HCL BigFix
- Headquarters: Noida, India
- Products: BigFix Workspace+, BigFix Enterprise+, BigFix Compliance, BigFix Inventory, BigFix AEX, BigFix Lifecycle, and BigFix Runbook AI
- Parent: HCLSoftware, a division of HCLTech
- Website: www.hcl-software.com/bigfix

= HCL BigFix =

Endpoint management platform

HCL BigFix is an endpoint management platform that automates the discovery, management, and remediation of all endpoints, including virtual, cloud, and on-premise endpoints. HCL BigFix automates the management, patching, and inventory of nearly 120+ operating systems.

==History==
In 2010, IBM acquired BigFix, Inc., a software developer out of Emeryville, California, and its endpoint security platform, which is also called BigFix. Under IBM, BigFix went through a series of re-brandings, including a 2013 release as IBM Endpoint Manager (IEM). Then, in 2018, India-based software company HCL acquired BigFix in a $1.8 billion purchase of select IBM software products.

== Relevance language ==
Relevant language enables authors to query the hardware and software properties of networked clients. Developed for BigFix prior to its purchase by IBM, the Relevance language provides an interface displaying information about a client, such as processor usage or available disk space, and it allows for real-time modifications of all clients in the network. Relevance language abstracts platform-specific query mechanisms like proc filesystems (procfs) and SIM, and it is capable of responding faster than native alternatives, like Windows Management Instrumentation (WMI).

== ActionScript ==
ActionScript is a scripting language used in BigFix. ActionScript provides an interface to administer clients. ActionScript abstracts platform-specific scripting differences like directory traversal, script execution, and flow control, allowing an administrator to write a script once and apply it across all platforms.

==Platform components==
The core HCL BigFix platform can be extended using additional components:
- HCL BigFix for lifecycle management includes patch management, remote control, software distribution, and OS deployment. Patch management includes patches for Microsoft, UNIX, Linux, and Macintosh operating systems. Remote control allows for remote monitoring and control of network PCs and servers. Software distribution provides a package library and automation toolkit for endpoint administrators.

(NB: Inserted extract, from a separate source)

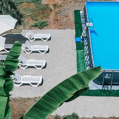 К услугам отдыхающих: закрытый двор с местами для отдыха, каркасный бассейн (10х5 метров, глубина 1,3 метра), детская площадка, бесплатный Wi-Fi на территории, мангал (пользование может быть ограниченно в связи с действием Правил пожарной безопасности), утюг и гладильная доска на этаже, стиральная машина за доп. плату.

OS deployment provides for imaging and provisioning of operating systems as well as OS migration capabilities.
- HCL BigFix for patch management includes vendor patches for Microsoft, UNIX, Linux, and Macintosh operating systems as well as patches for third-party applications by Adobe, Google, and Microsoft.
- HCL BigFix for security and compliance provides common STIG, CIS, and third-party security baselines, network self-quarantine, and removable device control.
- HCL BigFix for software asset management gathers information about installed software and hardware in a customer's infrastructure. Software use analysis tracks application usage on endpoints to determine the number and type of licenses required for licensed software.
- HCL BigFix for server automation provides hypervisor operations to build and manage virtual machines in a data centre environment. In addition, the server automation component provides the ability to do middleware management tasks to support operating system patching for clustered systems.